I agree with Nauticus.  I also hope you do not apply for another trade.


----------



## Journeyman (27 Jun 2010)

Did you really need two posts, within 3 minutes of one another, to say the same thing?




			
				PMedMoe said:
			
		

> I also hope you do not apply for another trade.


I hope his next keyboard comes with a shift key


----------



## PMedMoe (27 Jun 2010)

C'mon, JM.  He posted at oh-dark-stupid and didn't get a reply right away!  Of course he had to post twice.    :

I hope his next keyboard comes with a shift key, punctuation, spell check........which is why I also hope he doesn't apply for another trade.  This is the end result of a secondary school education?  Sad.


----------



## jeffb (27 Jun 2010)

Nauticus said:
			
		

> It's just a shame it took you this long to determine that the trade is not for you and you ended up wasting everybody's time.

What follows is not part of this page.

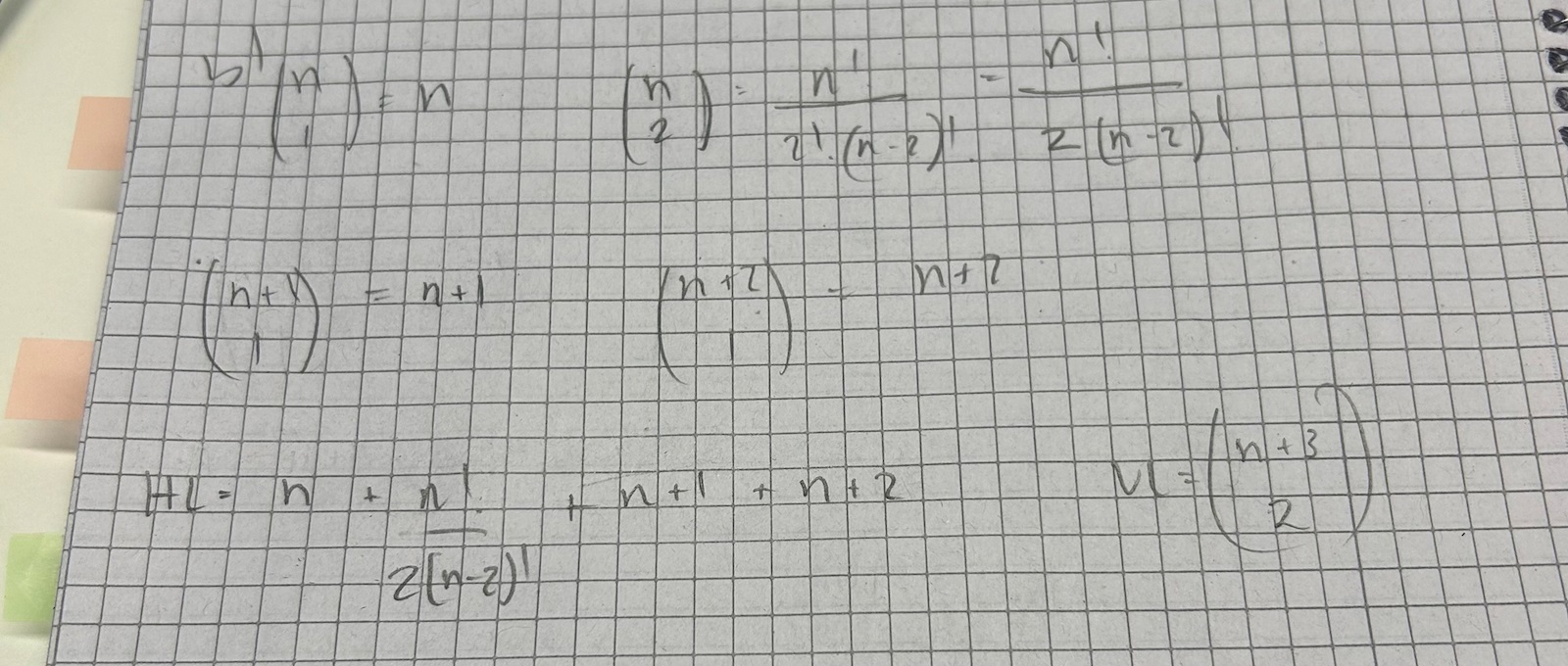 Förenkla [n över 2] till n(n-1)/2 etc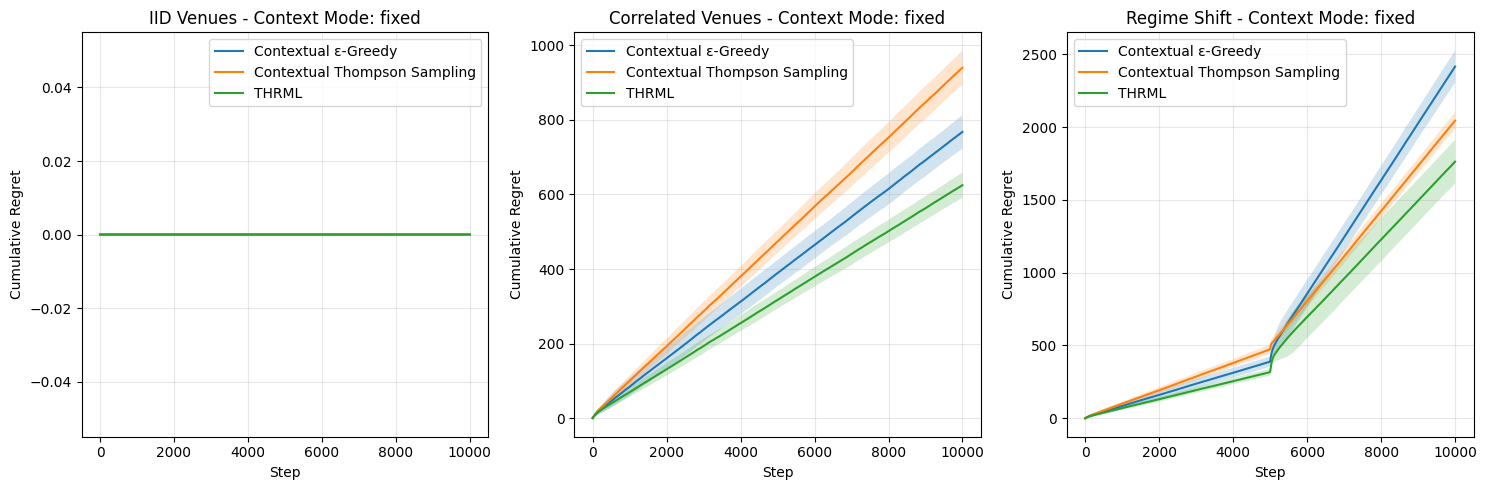 1. Context-Specific Performance: THRML outperformed the Contextual \(\epsilon\)-Greedy and Thompson Sampling baselines in both modes. In Fixed mode, THRML achieved a lower regret (6738.68 vs 7002.17 for CTS). In Random mode, THRML demonstrated materially higher robustness, with a 39.7% reduction in regret (4901.35) compared to the best baseline (8134.47).

Better now then later. At least they won't take up a slot on BMOQ that someone else is waiting for.


----------



## readytogo (27 Jun 2010)

I as well hope you dont apply for another trade...leave the positions for people who appreciate and are grateful and proud for the honor of being accepted into ROTP and the CF no matter the trade or job.

RTG


----------



## darkskye (27 Jun 2010)

Agreed, you should have thought about the trade before even applying!


----------



## Rogo (27 Jun 2010)

As much as I share your sentiments about hoping he doesn't take another trade, he should at least be commended for not waiting the full year to figure this out.   As I told you in the ROTP thread Punch, call the CFRC asap. I guarantee you there is a very eager candidate waiting for an Armour Officer slot.


----------